== What to produce ==
Type the listing below out again exactly. No images.

== Data below ==
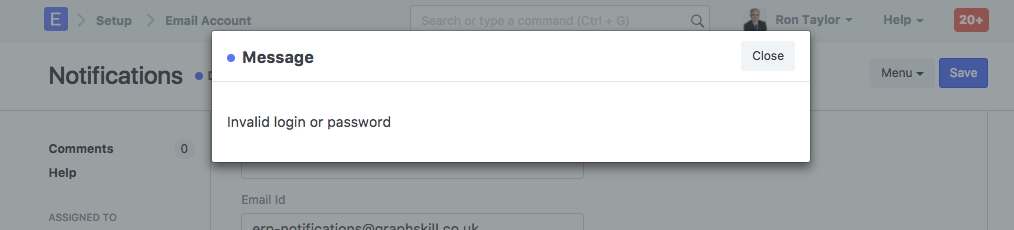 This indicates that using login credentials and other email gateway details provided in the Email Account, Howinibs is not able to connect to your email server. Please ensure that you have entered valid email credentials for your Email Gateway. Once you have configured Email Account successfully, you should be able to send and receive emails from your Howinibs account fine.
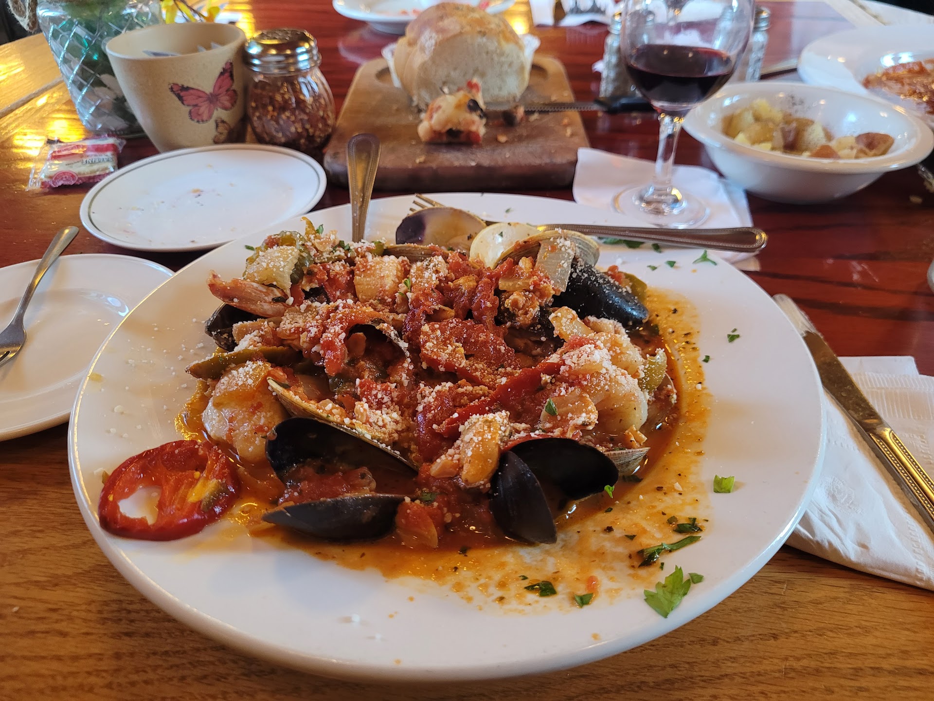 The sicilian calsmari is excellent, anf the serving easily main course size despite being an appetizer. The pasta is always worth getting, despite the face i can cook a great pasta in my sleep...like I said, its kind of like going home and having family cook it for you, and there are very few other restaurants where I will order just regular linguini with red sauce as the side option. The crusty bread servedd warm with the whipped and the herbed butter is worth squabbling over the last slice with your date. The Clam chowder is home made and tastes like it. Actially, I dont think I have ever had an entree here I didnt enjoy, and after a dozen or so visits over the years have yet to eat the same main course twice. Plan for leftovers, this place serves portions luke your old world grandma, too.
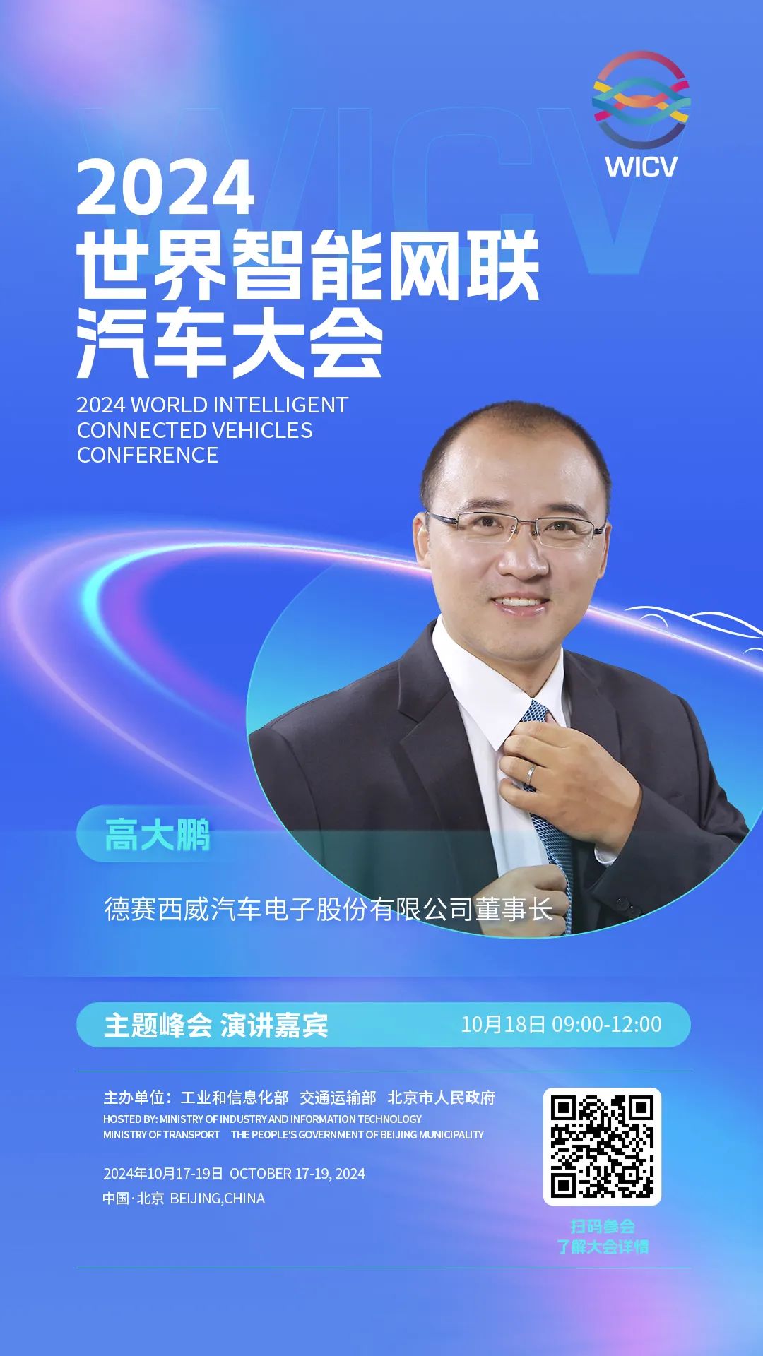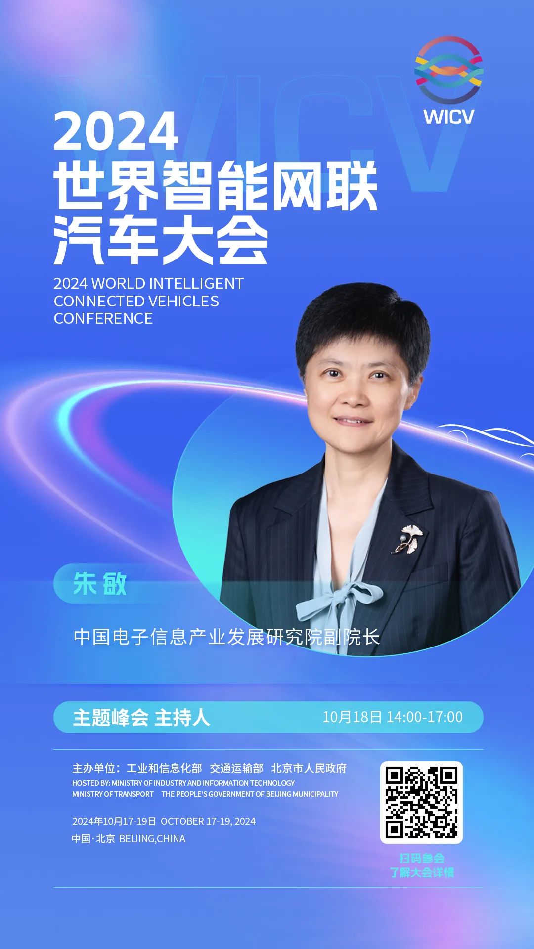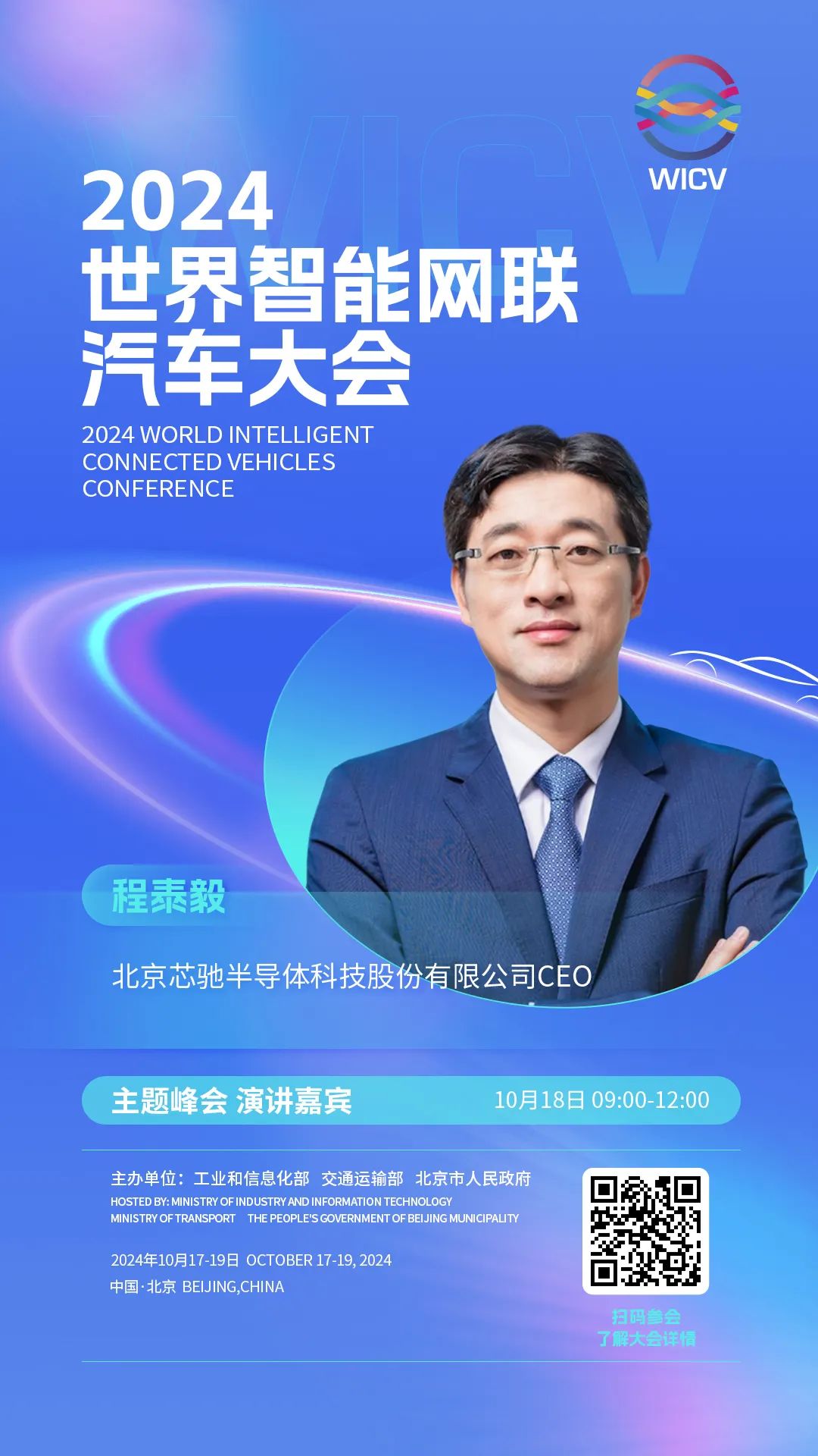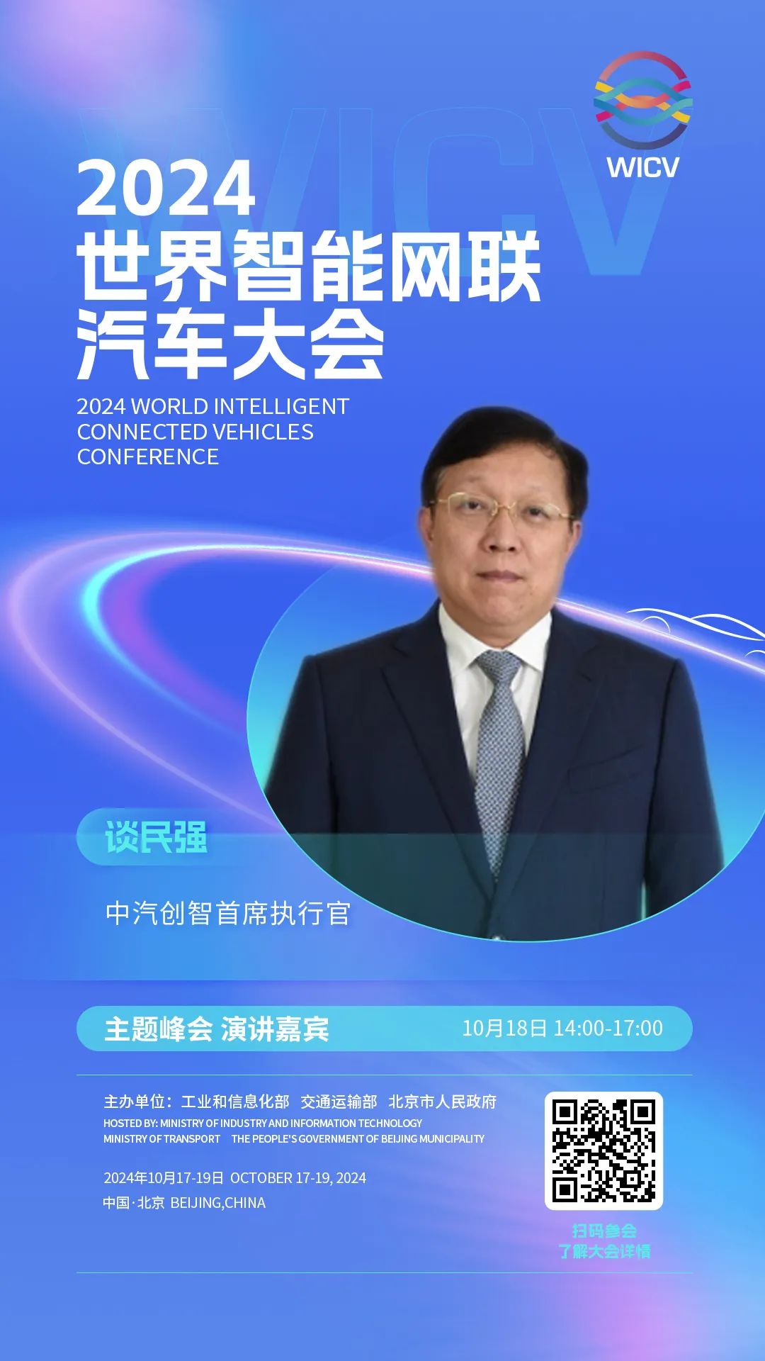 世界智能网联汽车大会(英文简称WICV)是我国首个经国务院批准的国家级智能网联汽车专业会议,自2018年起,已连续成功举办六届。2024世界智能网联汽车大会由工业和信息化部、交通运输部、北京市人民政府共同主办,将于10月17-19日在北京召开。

== Solution to this problem ==
 This indicates that using login credentials and other email gateway details provided in the Email Account, Howinibs is not able to connect to your email server. Please ensure that you have entered valid email credentials for your Email Gateway. Once you have configured Email Account successfully, you should be able to send and receive emails from your Howinibs account fine.
 The sicilian calsmari is excellent, anf the serving easily main course size despite being an appetizer. The pasta is always worth getting, despite the face i can cook a great pasta in my sleep...like I said, its kind of like going home and having family cook it for you, and there are very few other restaurants where I will order just regular linguini with red sauce as the side option. The crusty bread servedd warm with the whipped and the herbed butter is worth squabbling over the last slice with your date. The Clam chowder is home made and tastes like it. Actially, I dont think I have ever had an entree here I didnt enjoy, and after a dozen or so visits over the years have yet to eat the same main course twice. Plan for leftovers, this place serves portions luke your old world grandma, too.
 世界智能网联汽车大会(英文简称WICV)是我国首个经国务院批准的国家级智能网联汽车专业会议,自2018年起,已连续成功举办六届。2024世界智能网联汽车大会由工业和信息化部、交通运输部、北京市人民政府共同主办,将于10月17-19日在北京召开。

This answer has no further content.